Table of Contents

How Much of Gross Income Should Go to Retirement?

Stan Haithcock
April 2, 2026
How-Much-of-Gross-Income-Should-Go-to-Retirement?

How much of your gross income should go toward retirement?

Great question.

And the knee-jerk answer is simple.

As much as possible.

Retirement gets to you quicker than you think. I call it chapter two.

If you’re working right now, you probably have some type of accumulation plan. 401k, 403b, 457, SIMPLE IRA, SEP IRA. Something where you’re putting money away and hopefully getting a match from your employer.

That money is growing. Or at least, hopefully growing.

But here’s the part most people miss.

There is no perfect percentage.

Key Takeaways

  • There is no universal percentage for retirement savings
  • The best approach is saving as much as possible without hurting your lifestyle
  • Pre-50 should focus on growth, not annuities
  • Retirement planning shifts to income in your 50s and beyond
  • Your income floor determines whether additional planning is needed
  • Balance saving and living instead of delaying enjoyment

There Is No Perfect Percentage

Everyone wants a number.

10 percent. 15 percent. 20 percent.

There is no number.

The right amount is what you can put away without affecting your lifestyle.

That’s the answer.

And I’ve been doing this a long time. Morgan Stanley, Dean Witter, Paine Webber, UBS, now The Annuity Man.

The biggest mistake I see?

People live like they’re broke when they don’t have to.

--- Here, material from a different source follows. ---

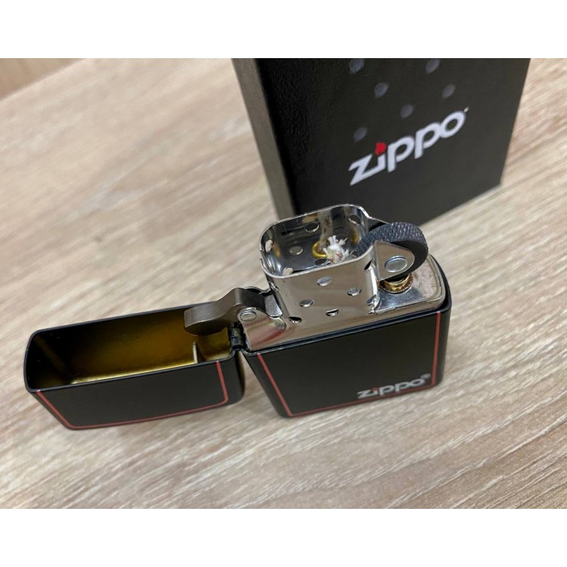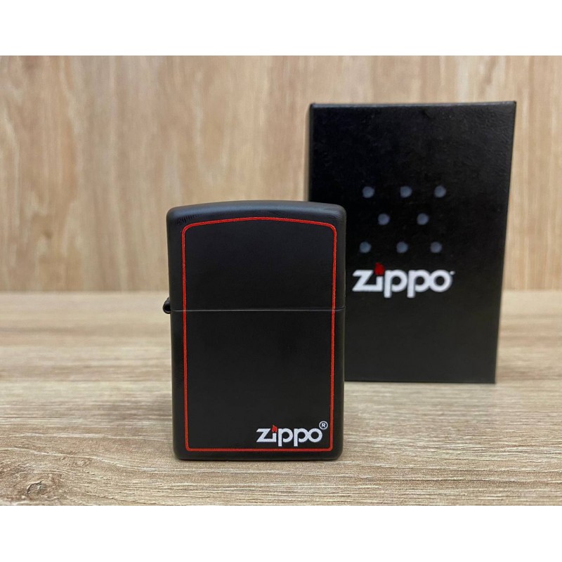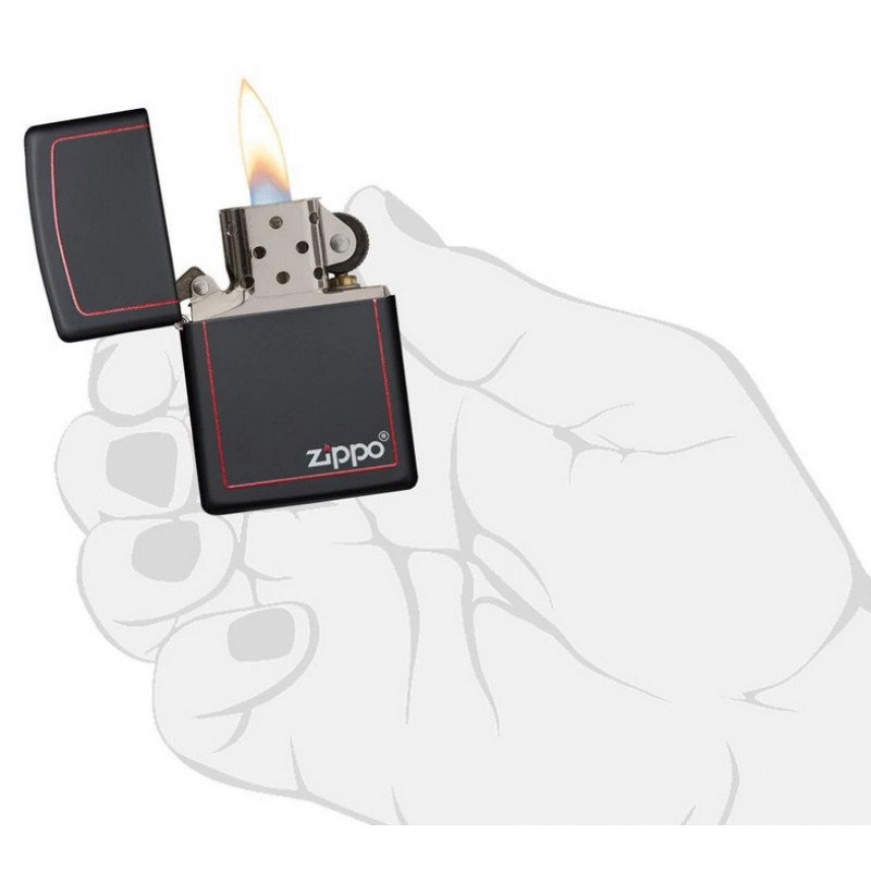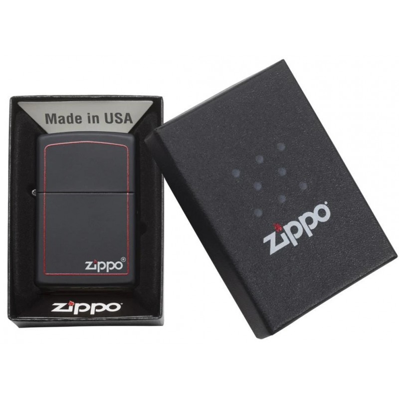 Зажигалка ZIPPO Classic с покрытием Black Matte, латунь/сталь, чёрная с фирменным логотипом и красной окантовкой, матовая, 38x13x57 мм Black Matte

Don’t Live Like Braveheart

A lot of people take the “hold, hold, hold” approach.

Save everything.

Delay everything.

Wait until retirement to enjoy life.

That’s a mistake.

Because sometimes, people don’t make it to that point.

Or they get there and can’t enjoy it the way they thought they would.

You need to find a balance.

Save for the future, but live your life now.

What You Should Be Doing While Working

If you’re still working, your job is simple.

Use your accumulation plan.

401k, 403b, 457, whatever it is.

Put as much as you can into that plan without wrecking your lifestyle.

That’s it.

And for most of you under 50, listen closely.

Do not buy annuities.

Keep your money in growth assets.

There are exceptions, but for 99.9 percent of you, it’s growth, growth, growth.

When the Strategy Changes

Everything changes once you get closer to retirement.

Call it your 50s.

Call it lap three coming home.

Now we’re not just talking about growth.

Now we’re talking about:

  • Income
  • Principal protection
  • Lifestyle

Now we’re asking a different question.

Focus on Your Income Floor

If you’re nearing retirement or already there, the focus shifts to your income floor.

Write it down.

What’s coming in every month?

  • Social Security
  • Pension
  • Required Minimum Distributions
  • Rental income
  • Dividend income

Now compare that to what you actually need.

Be honest.

What do you want your lifestyle to look like?

Travel?

Eat better?

Upgrade your lifestyle?

If your income floor covers it, great.

If not, there’s a gap.

And that gap needs to be solved.

At that point, the real question becomes:

What would it take to contractually fill that income gap?

That’s something you can actually model and see in real numbers using the annuity calculators here: https://www.stantheannuityman.com/ annuity-calculator/

Don’t Be a Retirement Timer

Another mistake people make is trying to time everything.

Waiting for the perfect moment.

Waiting for the perfect number.

Trying to optimize everything.

Don’t be a retirement timer.

You’re not going to time this perfectly.

At some point, you have to implement.

50 and Below vs 50 and Above

Let’s simplify this.

50 and below:

  • Focus on growth
  • Save as much as possible
  • Avoid annuities

50 and above:

  • Focus on income
  • Define your income floor
  • Solve for gaps
  • Start thinking about contractual guarantees

That’s the shift.

The Bottom Line

There is no perfect percentage of gross income that should go to retirement.

The right answer is:

Save as much as you can without sacrificing your lifestyle.

And when you get closer to retirement, stop focusing on accumulation and start focusing on income.

If you’ve never actually mapped out your income floor or calculated what your gap looks like, that’s the first step.